**DIRECTIONS:** Taking only the lines of the data below from the line with "GORK 볼린저밴드 위 끝에서 숏타고 내려와서 익절했습니다." to the line with "Foto in zwart-wit", ends included, write them out exactly and without pictures.

**SOURCE DATA:**
= = = = =

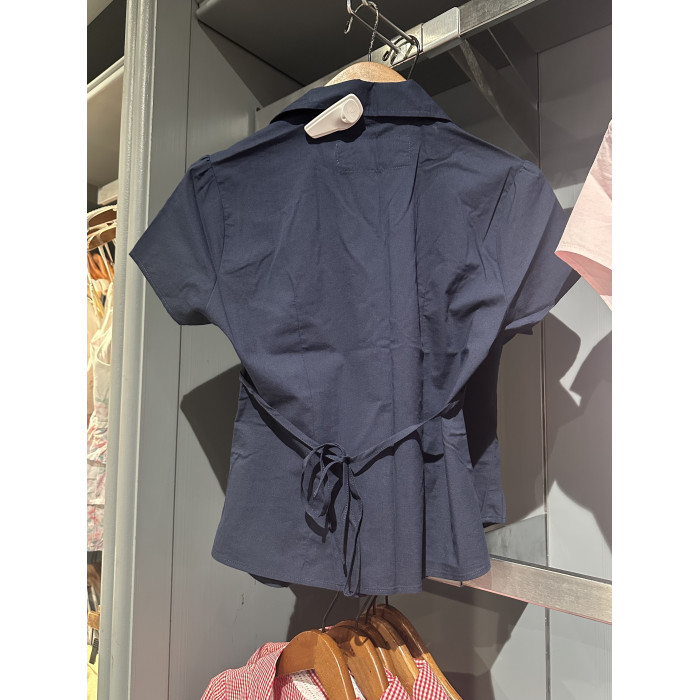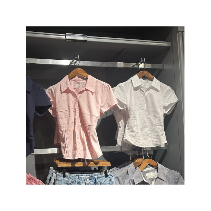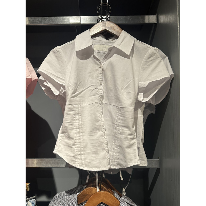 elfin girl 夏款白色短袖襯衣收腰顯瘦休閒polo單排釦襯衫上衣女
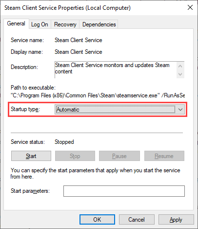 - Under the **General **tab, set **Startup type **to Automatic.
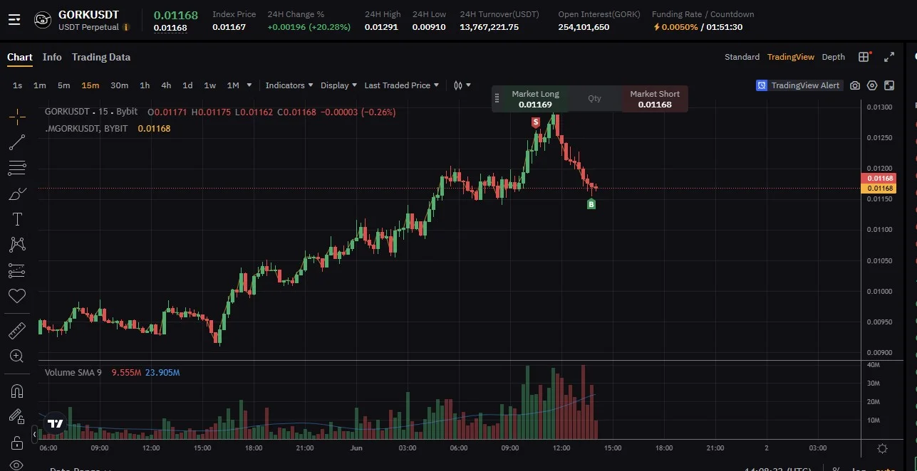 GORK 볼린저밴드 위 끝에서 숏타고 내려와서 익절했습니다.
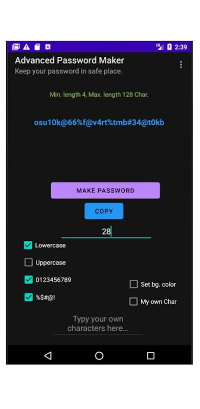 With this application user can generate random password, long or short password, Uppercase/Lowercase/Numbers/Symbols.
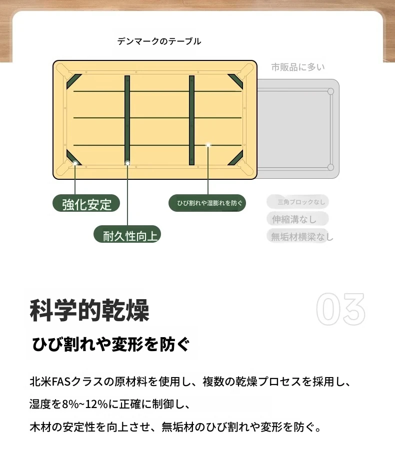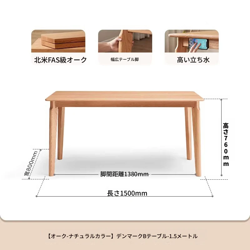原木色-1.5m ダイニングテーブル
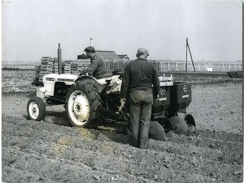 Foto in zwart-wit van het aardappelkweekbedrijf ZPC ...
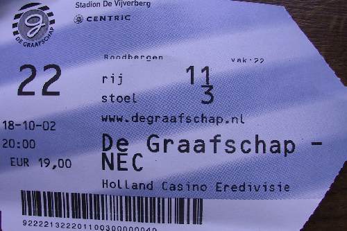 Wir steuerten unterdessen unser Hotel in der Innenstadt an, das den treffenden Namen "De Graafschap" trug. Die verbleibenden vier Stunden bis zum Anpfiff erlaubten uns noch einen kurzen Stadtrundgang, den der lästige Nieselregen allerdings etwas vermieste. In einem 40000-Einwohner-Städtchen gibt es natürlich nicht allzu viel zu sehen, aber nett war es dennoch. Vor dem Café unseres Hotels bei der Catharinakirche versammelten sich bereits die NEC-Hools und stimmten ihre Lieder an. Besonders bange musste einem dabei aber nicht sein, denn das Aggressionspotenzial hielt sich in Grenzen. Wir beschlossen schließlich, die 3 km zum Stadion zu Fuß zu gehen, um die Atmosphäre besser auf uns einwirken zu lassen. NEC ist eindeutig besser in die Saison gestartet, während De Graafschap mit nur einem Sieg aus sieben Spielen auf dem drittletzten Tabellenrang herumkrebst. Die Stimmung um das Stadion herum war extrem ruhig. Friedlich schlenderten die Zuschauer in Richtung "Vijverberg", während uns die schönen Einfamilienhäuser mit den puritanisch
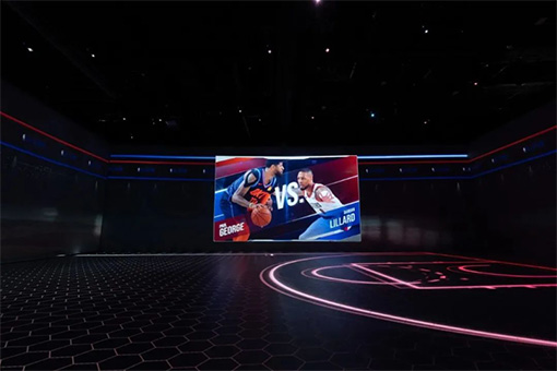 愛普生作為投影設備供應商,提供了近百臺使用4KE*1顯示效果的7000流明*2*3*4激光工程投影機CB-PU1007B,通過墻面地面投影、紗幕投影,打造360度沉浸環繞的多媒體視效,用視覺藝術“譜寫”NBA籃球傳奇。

= = = = =

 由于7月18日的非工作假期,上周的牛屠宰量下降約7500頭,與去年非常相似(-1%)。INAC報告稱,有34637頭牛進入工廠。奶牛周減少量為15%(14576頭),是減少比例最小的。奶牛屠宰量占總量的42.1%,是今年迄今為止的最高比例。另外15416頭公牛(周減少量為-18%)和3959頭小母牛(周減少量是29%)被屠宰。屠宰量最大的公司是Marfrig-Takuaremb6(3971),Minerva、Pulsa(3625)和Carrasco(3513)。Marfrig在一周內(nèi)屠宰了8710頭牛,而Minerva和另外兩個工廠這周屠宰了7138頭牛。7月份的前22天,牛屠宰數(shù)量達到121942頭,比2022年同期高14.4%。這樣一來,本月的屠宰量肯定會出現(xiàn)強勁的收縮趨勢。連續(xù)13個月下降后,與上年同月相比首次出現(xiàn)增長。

= = = = =

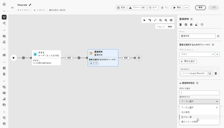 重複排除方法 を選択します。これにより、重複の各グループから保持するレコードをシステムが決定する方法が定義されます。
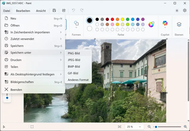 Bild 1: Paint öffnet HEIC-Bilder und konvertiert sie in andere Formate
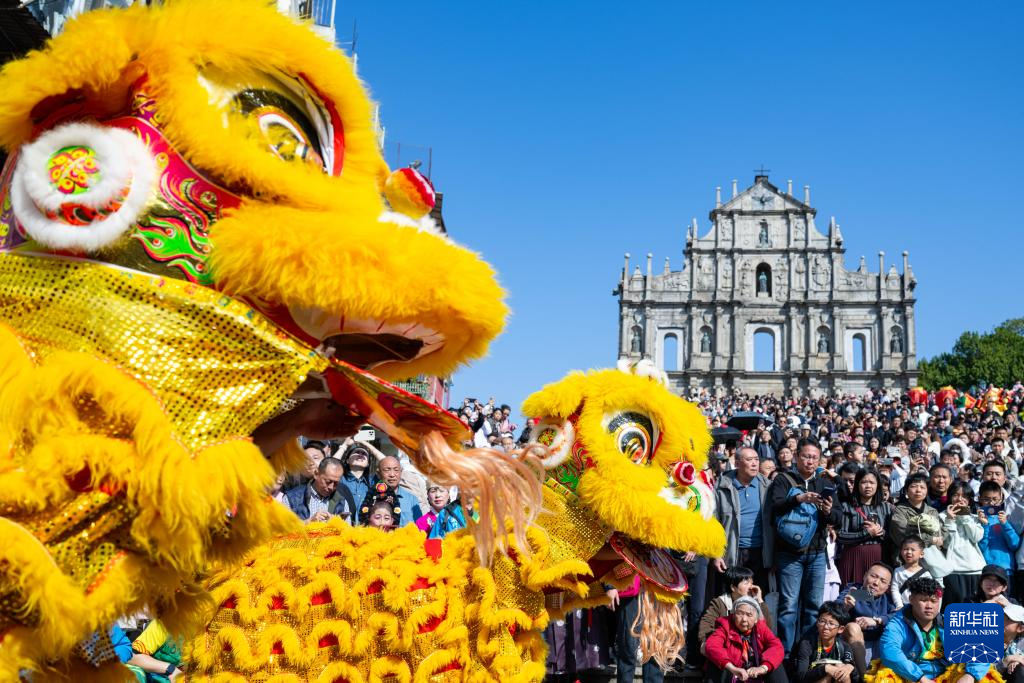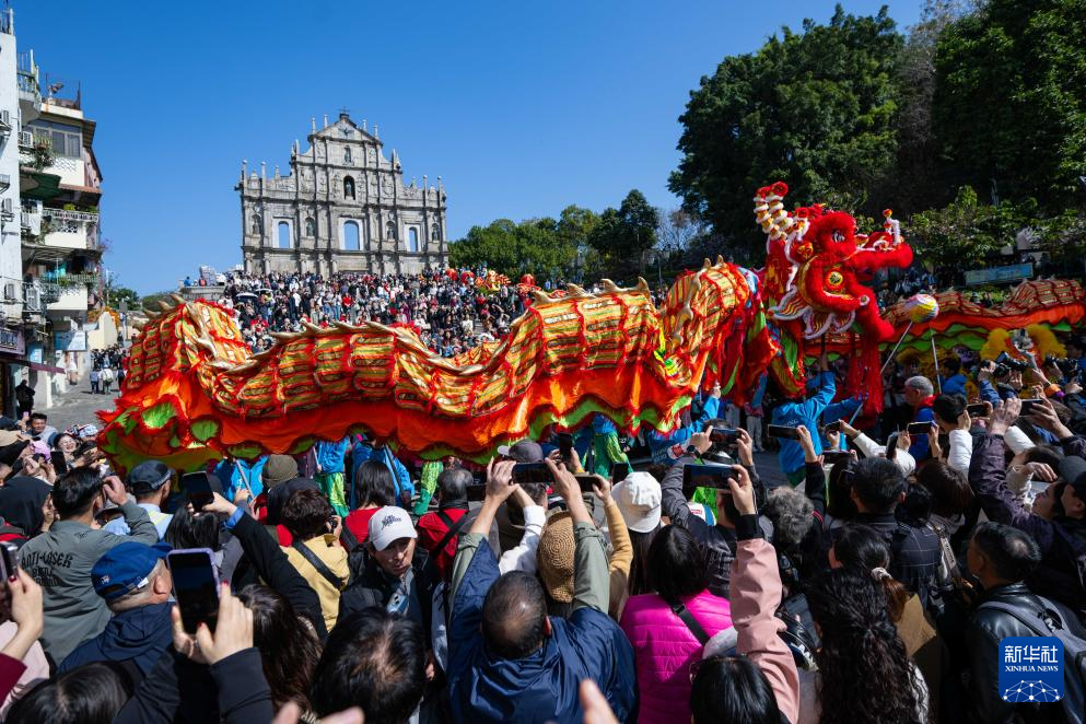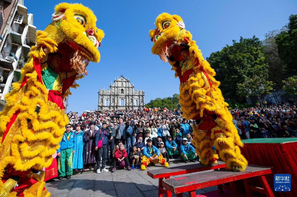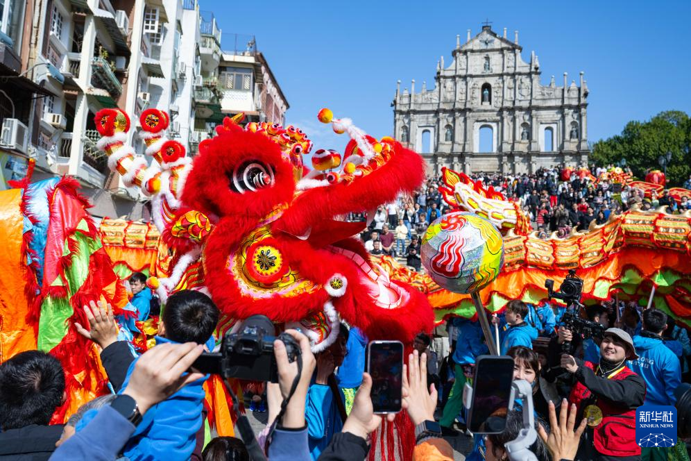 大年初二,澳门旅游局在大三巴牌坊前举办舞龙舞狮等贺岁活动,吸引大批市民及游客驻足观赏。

= = = = =

**THE COMPLETED TASK:**
 GORK 볼린저밴드 위 끝에서 숏타고 내려와서 익절했습니다.
 With this application user can generate random password, long or short password, Uppercase/Lowercase/Numbers/Symbols.
原木色-1.5m ダイニングテーブル
 Foto in zwart-wit van het aardappelkweekbedrijf ZPC ...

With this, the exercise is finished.